SKOV3 (a kind gift from Dr. Mark Nachtigal, University of Manitoba) [16] and HeLa cells (ATCC) were cultured in Dulbecco's Modified Eagle's Medium (DMEM) containing 10% fetal bovine serum (FBS) and penicillin/streptomycin/L-glutamine (P/S/G) (Invitrogen). OvCa 429 cells (Dr. Mark Nachtigal) [16] were cultured in alpha-MEM containing 10% FBS and P/S/G. WERI-Rb1 retinoblastoma cells (positive control for Sp1 binding) were cultured in Iscove's modified Dulbecco's medium (IMDM) containing 10% FBS (PAA laboratories), P/S/G, 10 μg/mL insulin, and 55 μM β-mercaptoethanol. Cell cultures were maintained at 5% CO2 with humidity in a 37°C incubator. Cell line identity was confirmed by short tandem repeat profiling.

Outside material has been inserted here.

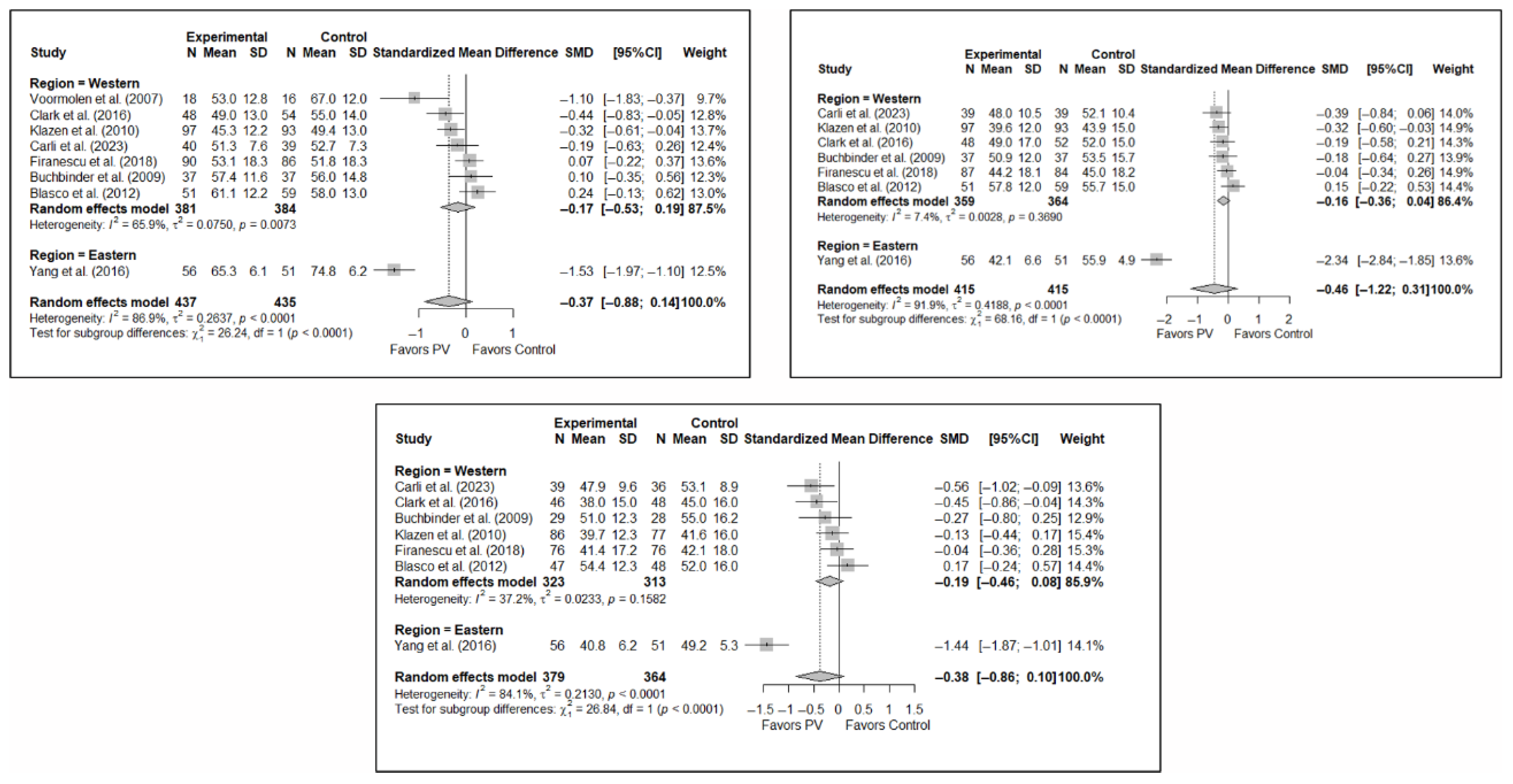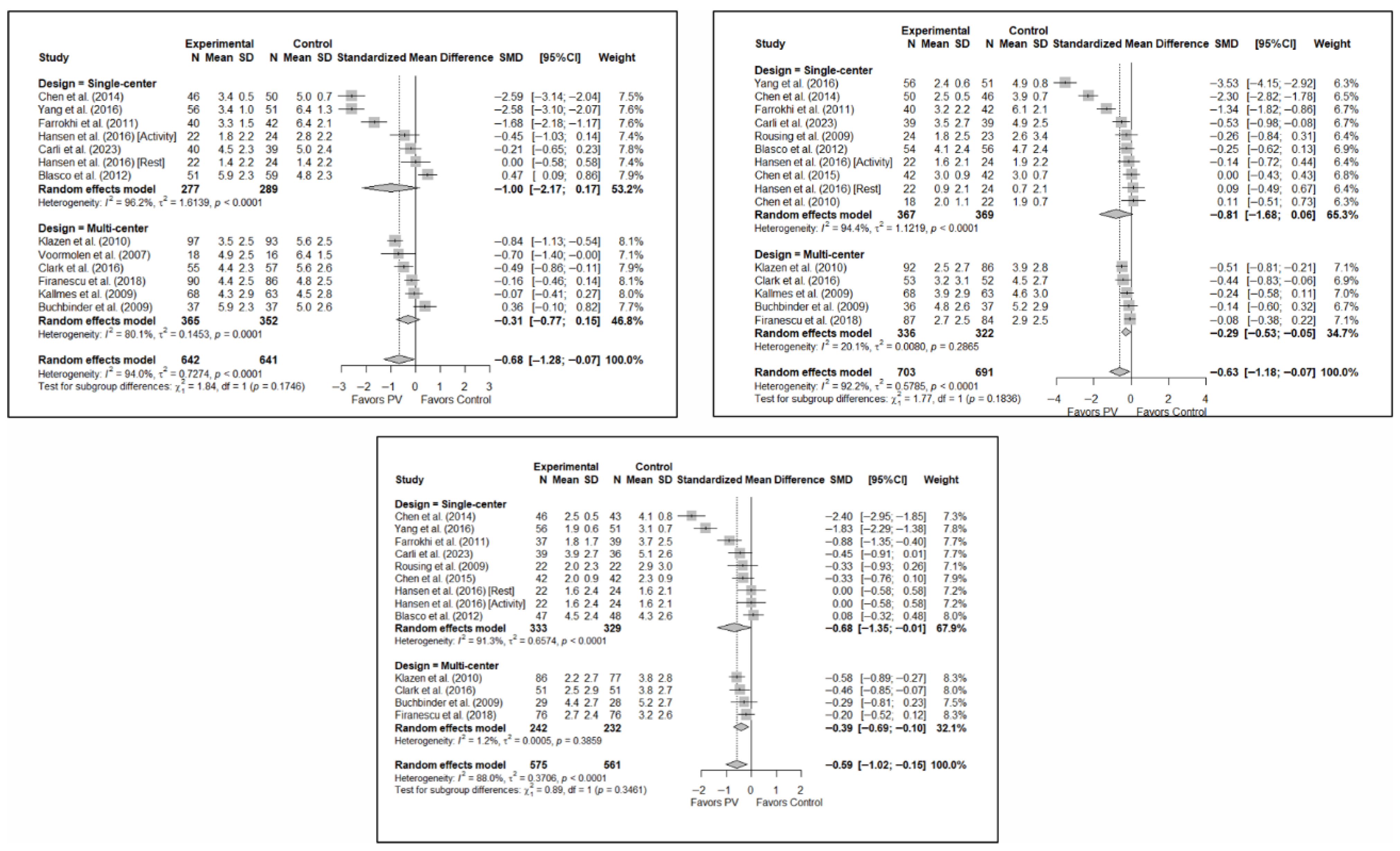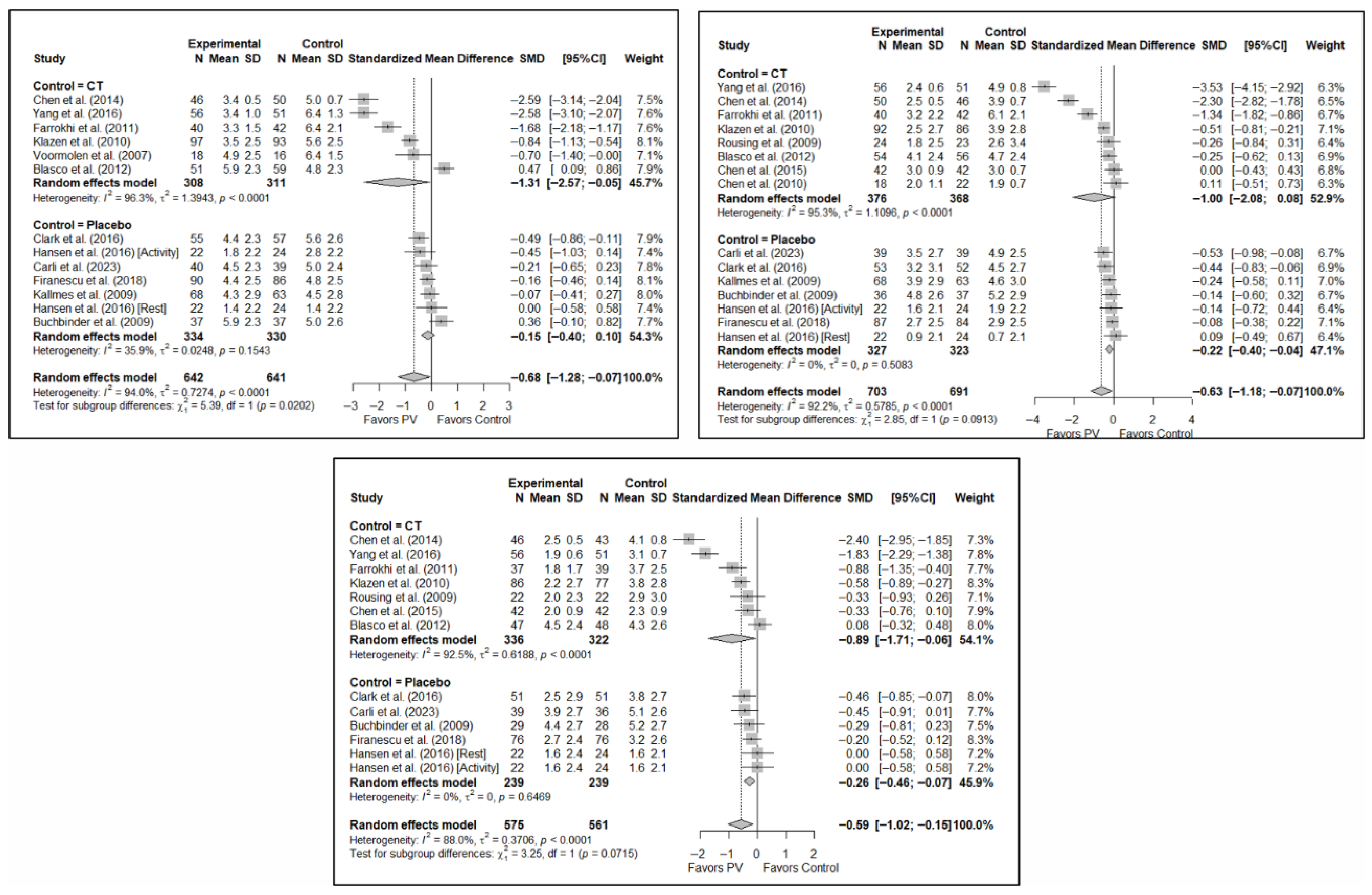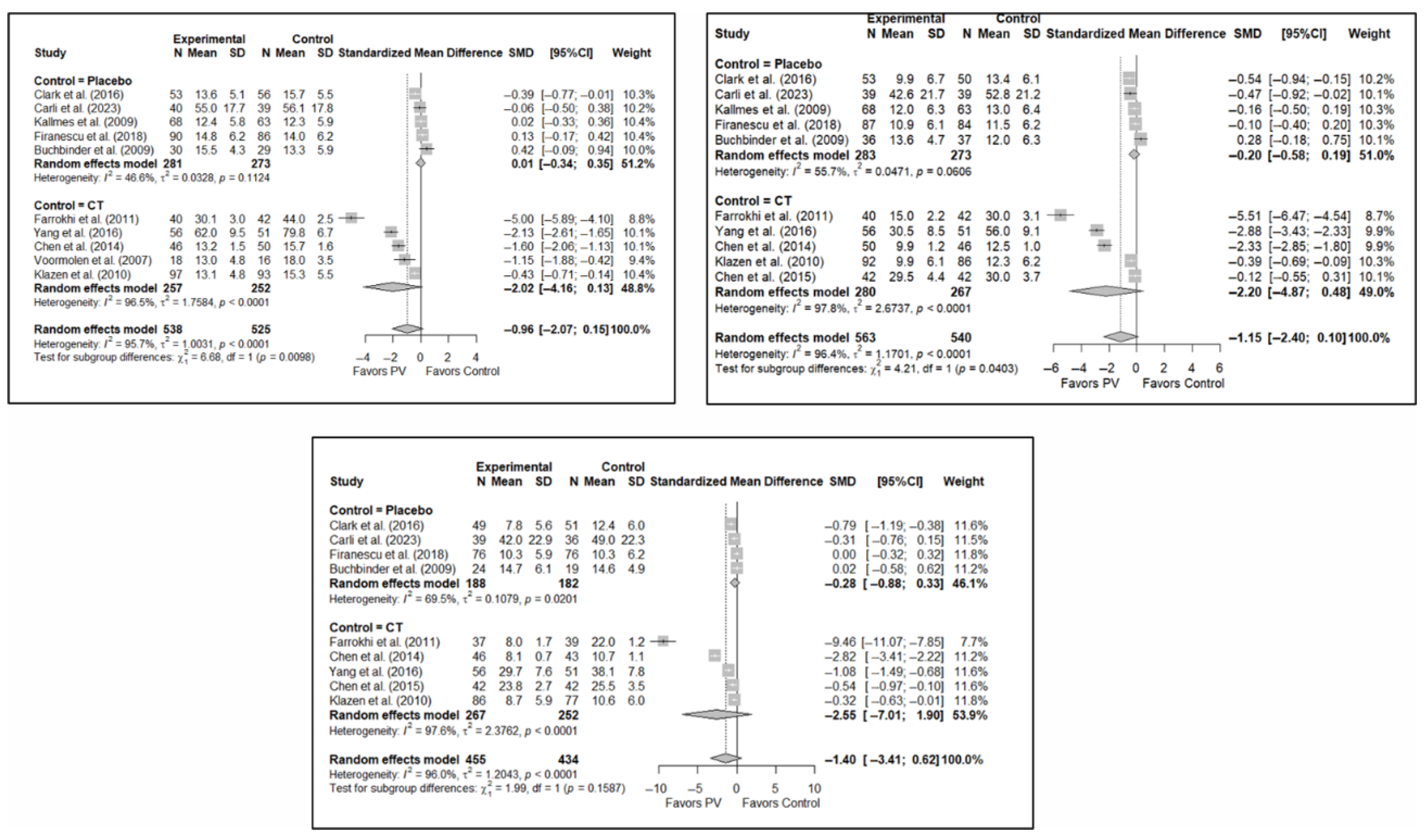 | Chen et al. (2014) [50] | PV | 46 | 64.6 (9.1) | 14/32 | 7.1 (3) | 12 | 6.5 (0.9) | 18.6 (1.8) | 59.9 (2.2) | - |

Transfection of Reporter Constructs and siRNA

Trypsinized cells were seeded at a density of 5×104 cells/mL. 24 hours after seeding, equal amounts (0.5 μg) of both reporter and cytomegalovirus-β-galactosidase (pCMV-β-gal, Promega) constructs were cotransfected into triplicate 12-well plates using Gene Juice (Novagen). To evaluate the endogenous effect of transcription factor knockdown on KIF14 levels, a set of 3 siRNAs (Sigma Aldrich) for HSF1, Sp1, and YY1 were transfected at an amount of 0.5 nmol into 60 mm dishes. Target sequences for each siRNA are listed in Table S2. Transfections were carried out in triplicate according to the manufacturers' instructions and repeated at least three times.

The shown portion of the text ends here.